As already mentioned, maximal ideals model processes that go on as long as possible. For streams we have a more pleasant situation than for general ideals:

**Lemma 14.1.**  $(A^*, \sqsubseteq)$  is max-determined.

*Proof.* Assume  $I \in \operatorname{ide} A^* \wedge \max I = \emptyset$  and consider  $J \in \operatorname{ide} A^*$  with  $I \subseteq J$ . By Lemma 30.4 and downward closure of I,J it suffices to show  $J \leq I$ . Consider  $y \in J$ . Since  $\max I = \emptyset$  there is some  $x \in I \subseteq J$  with  $||y|| \leq ||x||$ , where ||u|| denotes the length of word u. Moreover, by directedness of J, there is  $z \in J$  with  $x \sqsubseteq z \wedge y \sqsubseteq z$ . From linearity of  $z^{\sqsubseteq}$  it therefore follows that  $x \sqsubseteq y \vee y \sqsubseteq x$ . However, since  $||y|| \leq ||x||$ , we must have  $y \sqsubseteq x$ .

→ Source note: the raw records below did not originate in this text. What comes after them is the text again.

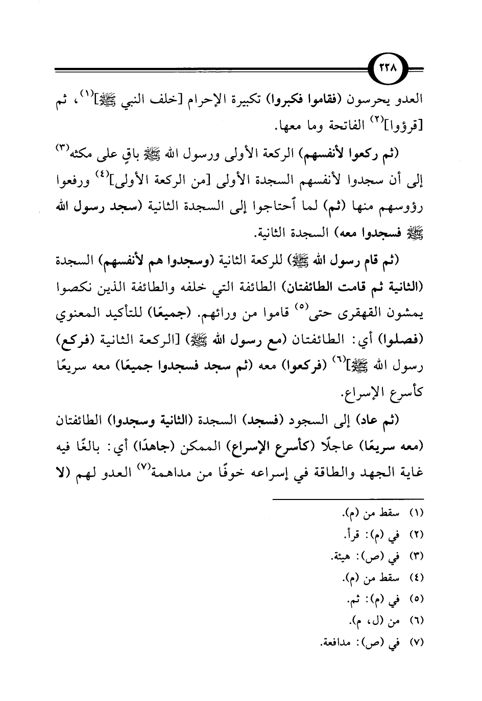 (ثم قام رسول الله - صلى الله عليه وسلم -) للركعة الثانية (وسجدوا هم لأنفسهم) السجدة (الثانية ثم قامت الطائفتان) الطائفة التي خلفه والطائفة الذين نكصوا يمشون القهقرى حتى (¬5) قاموا من ورائهم. (جميعًا) للتأكيد المعنوي (فصلوا) أي: الطائفتان (مع رسول الله - صلى الله عليه وسلم -) [الركعة الثانية (فركع) رسول الله - صلى الله عليه وسلم -] (¬6) (فركعوا) معه (ثم سجد فسجدوا جميعًا) معه سريعًا كأسرع الإسراع.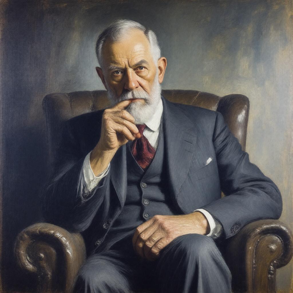 "Portrait of Sigmund Freud, a middle-aged Austrian neuroscientist and psychologist, sitting in a armchair with a contemplative expression, wearing a suit and holding a cigar, in the style of a realistic oil painting from the early 20th century."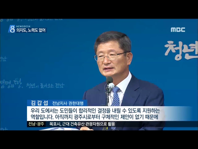 ◀ANC▶ 김갑섭 전남지사 권한대행이 무안국제공항 활성화에 얽힌 핵심 현안들에 대한 생각을 드러냈습니다. 지금껏 그래 왔던대로, 뾰족한 대응책 없이 원론적인 입장에 머물고 있습니다. 김윤 기자입니다. ◀END▶ ◀VCR▶ 광주시는 다음 달부터 군공항 이전 사업과 관련해 전남에서 주민 설명회를 계획 중입니다. 광...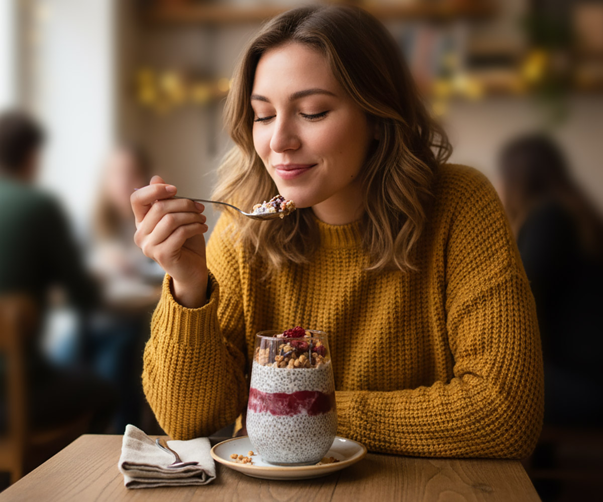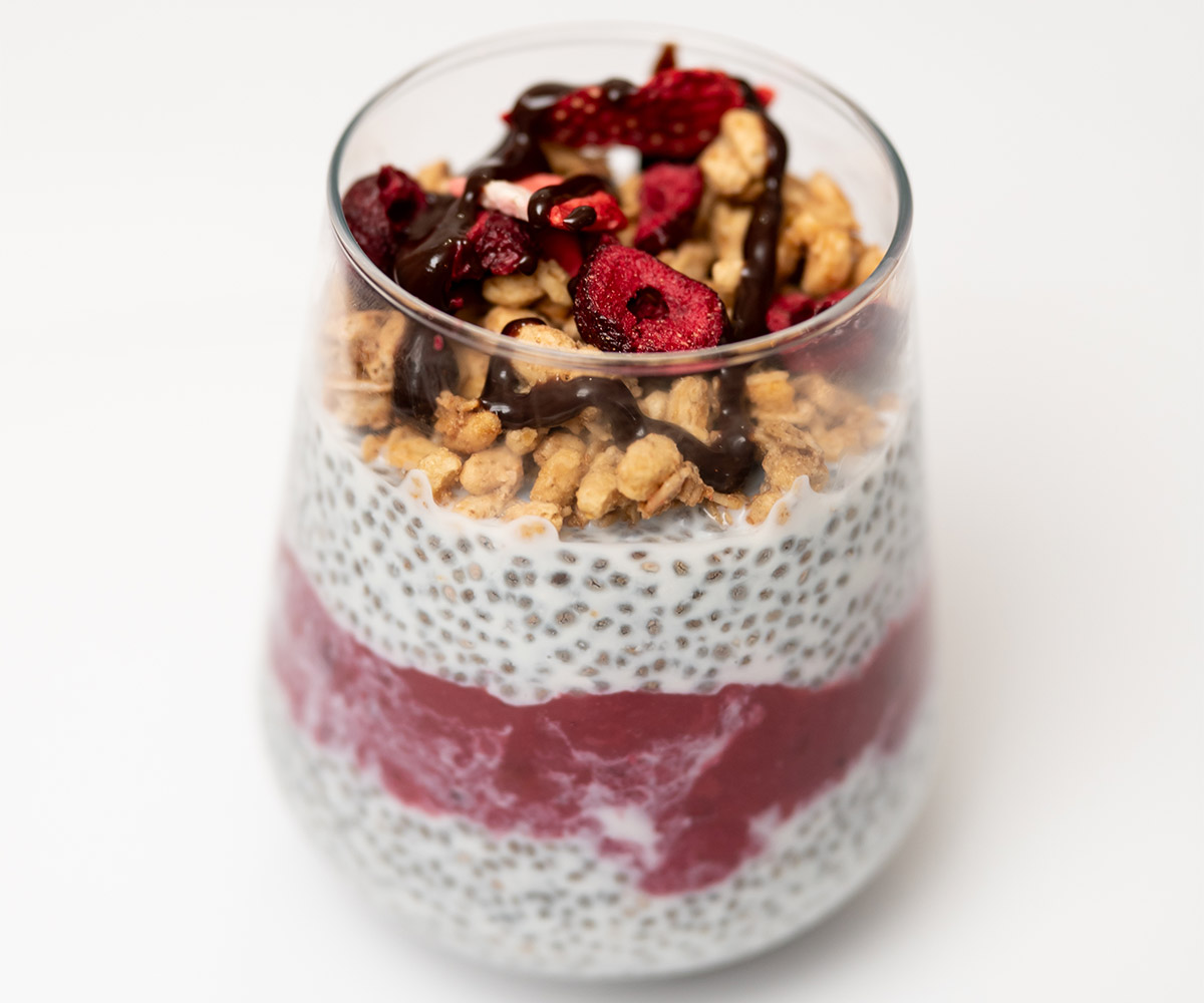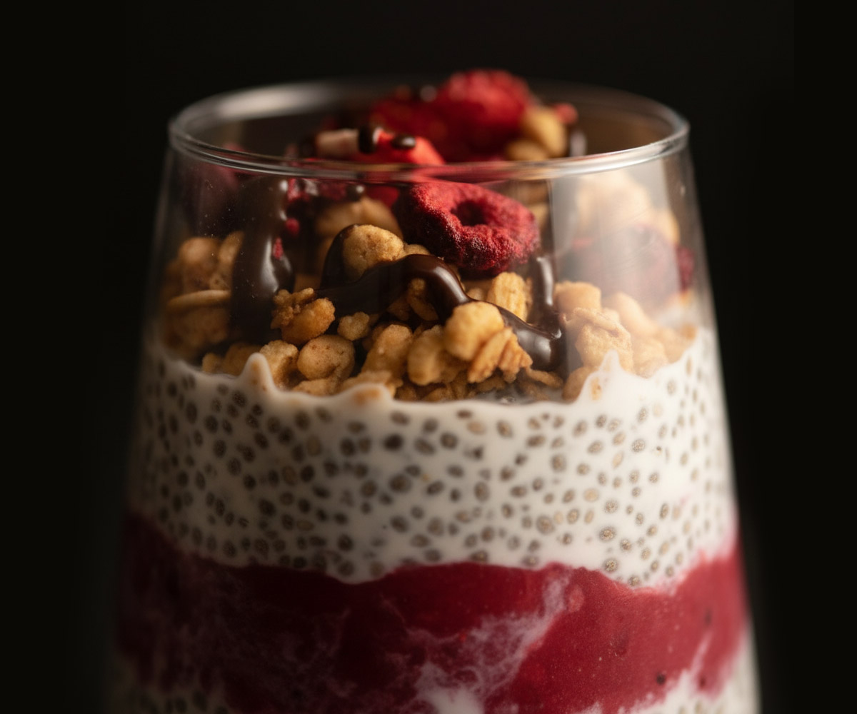 Our Chia Pudding is the kind of treat that spoils you while still making you feel good. The chia seeds soak up almond milk until they turn silky and velvety, like tiny clouds tucked into a bowl. Coconut flakes add a gentle crunch, honey brings a warm natural sweetness, and the fruit stew swirls in a bright, lively burst of flavor. On top, a handful of granola adds that joyful little crunch that feels like a smile popping into your day. Light, fresh, and surprisingly addictive, it’s the dessert that leaves you both satisfied and floating.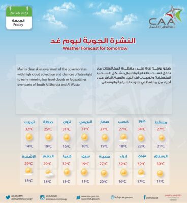 أعلنت هيئة الأرصاد الجوية عبر صفحتها الرسمية على موقع التواصل الاجتماعي تويتر عن حالة الطقس ليوم غد ،صحو بوجه عام على معظم المحافظات مع تدفق السحب العالية واحتمال تشكل السحب المنخفضة والضباب آخر الليل والصباح الباكر على أجزاء من محافظتي جنوب الشرقية والوسطى.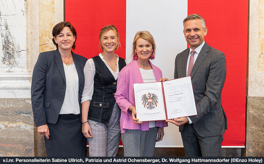Das Garten-Hotel Ochensberger wurde vom Bundesministerium für Arbeit und Wirtschaft in Wien als „Staatlich ausgezeichneter Ausbildungsbetrieb“ geehrt. Die feierliche Überreichung erfolgte durch den Wirtschaftsminister, Dr. Wolfgang Hattmannsdorfer im Rahmen einer offiziellen Zeremonie, bei der vorbildliche Ausbildungsbetriebe aus ganz Österreich vor den Vorhang geholt wurden. Mit der Verleihung dieser Auszeichnung würdigt die Republik Österreich jene Unternehmen, die sich in besonderer Weise für die qualitätsvolle Ausbildung junger Menschen engagieren. Mit aktuell 65 MitarbeiterInnen, davon 8 Lehrlingen gilt das Garten-Hotel Ochensberger seit über 57 Jahren als aktiver Lehrbetrieb in der Region und bietet Jugendlichen fundierte und zukunftsorientierte Karrierechancen im Tourismus.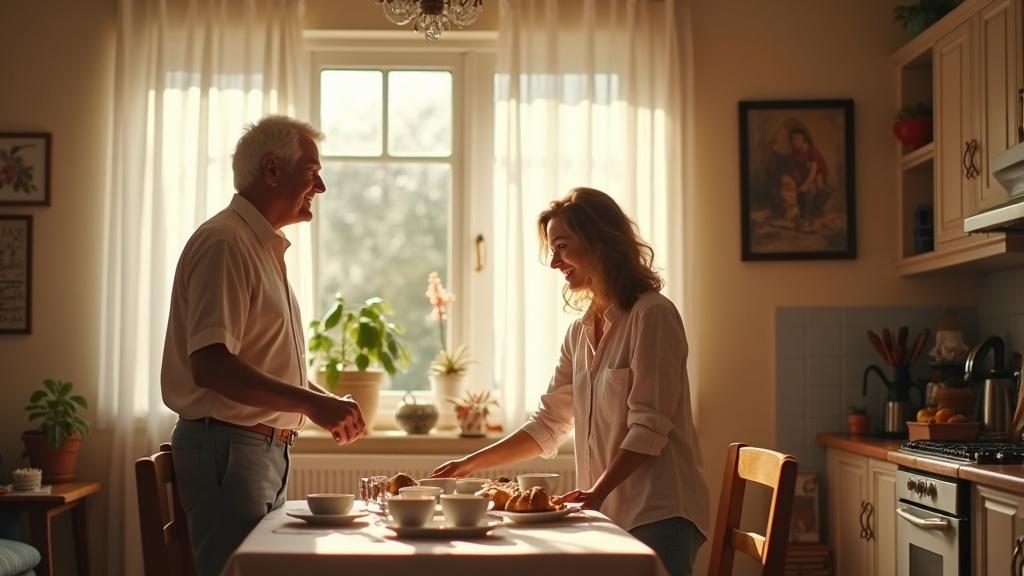 Он наблюдал, как его жена Ольга аккуратно расставляла на столе тарелки для завтрака, а их дочь, лениво потягиваясь, выходила из своей комнаты.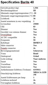 | Type verlichting / Materiaal | Barite 40 112P Aluminium - Zwart |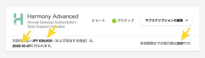- サブスクリプションパネルの下部には、次回の請求日、お支払い金額、現在の期間の残り日数が表示されます。
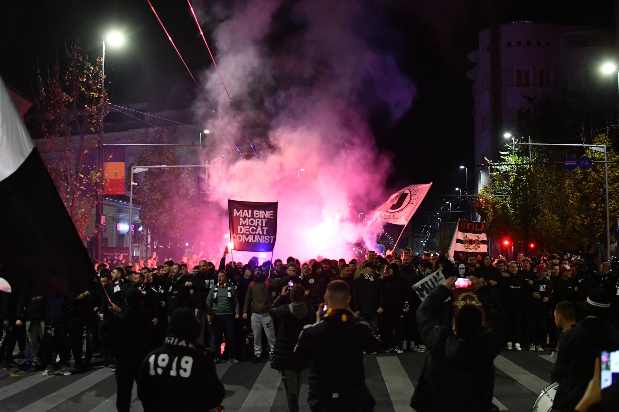 Suporterii din Gruia au preferat, totuși, un show mai „cuminte”. Au afișat steagul României, alături de culorile vișinii, și au aprins câteva torțe.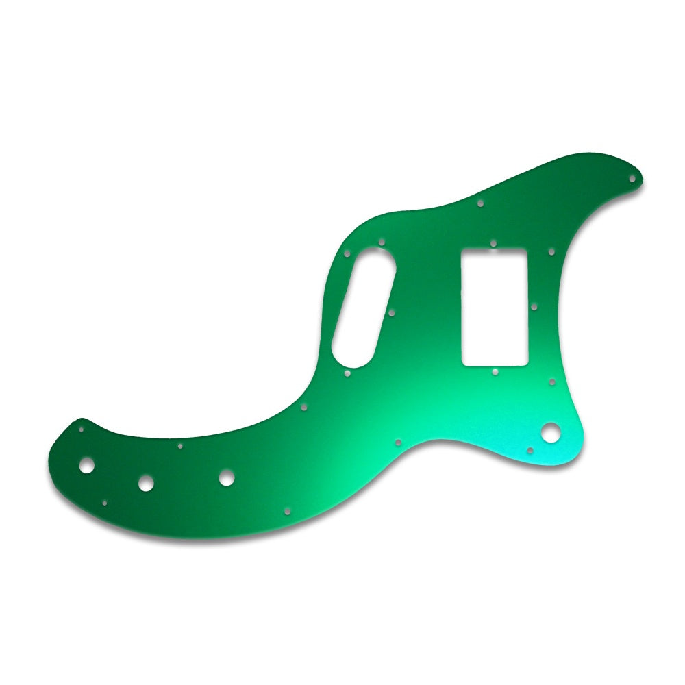 This pickguard is made from green mirror - a clear acrylic material measuring .118" / 2.99mm thick with a 45 degree bevelled edge. The green reflective layer is attached to the underside of the acrylic, preventing it from getting scratched or dented once it is fitted to the instrument.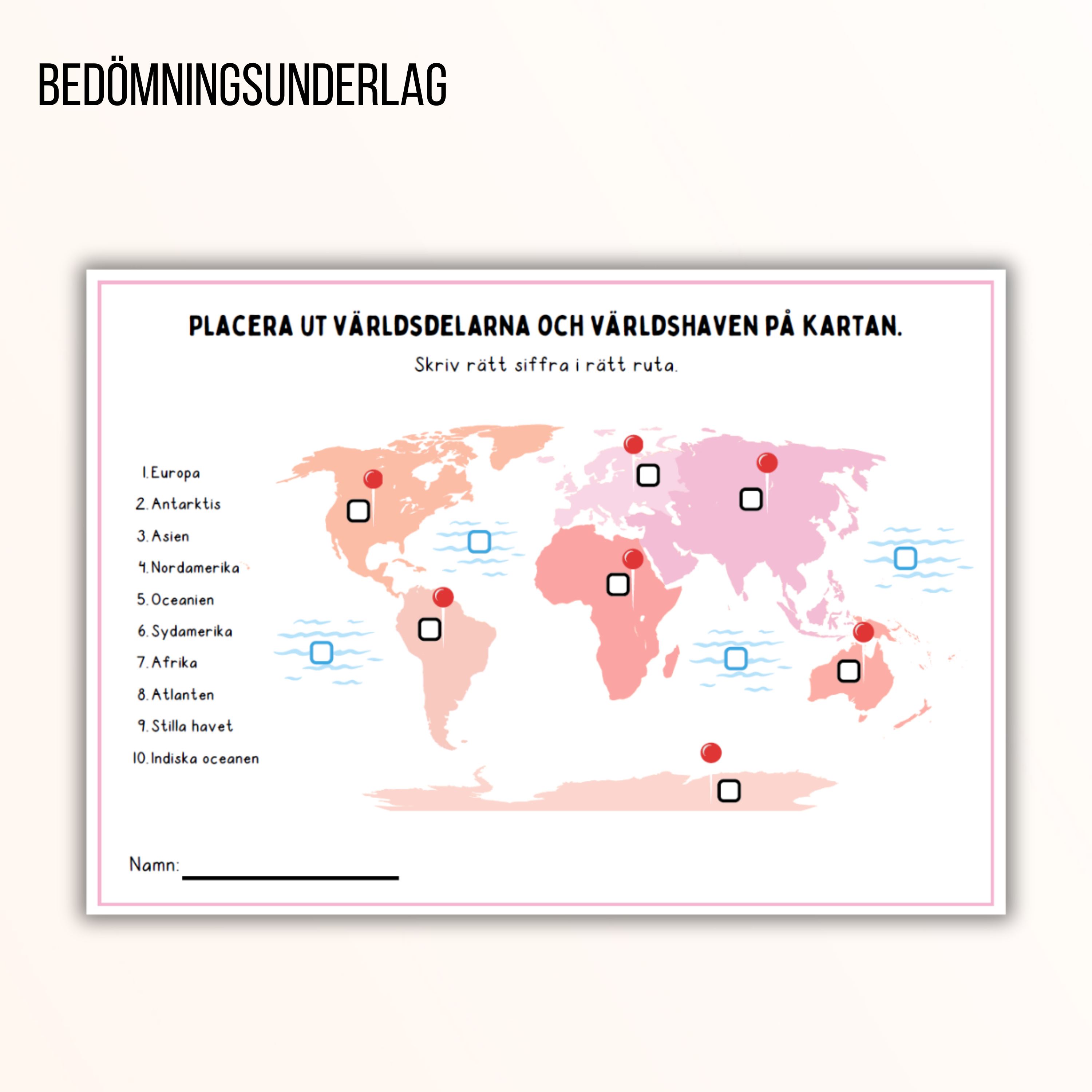- Bedömningsunderlag – placera ut världsdelarna och världshaven

This allows us to use all laws from Section 12 for streams. At this point it is also convenient to give the counterexample to the simplified version of Corollary 12.6:

**Example 14.2.** Set  $U \stackrel{\text{def}}{=} 0^* \bullet 1$  and  $V \stackrel{\text{def}}{=} U \cup 0^* = U^{\sqsubseteq}$  by (3). Then  $U \sim V$ , but  $\max \operatorname{str} U \neq \max \operatorname{str} V$ , since  $0^* \in (\max \operatorname{str} V) \setminus (\max \operatorname{str} U)$ .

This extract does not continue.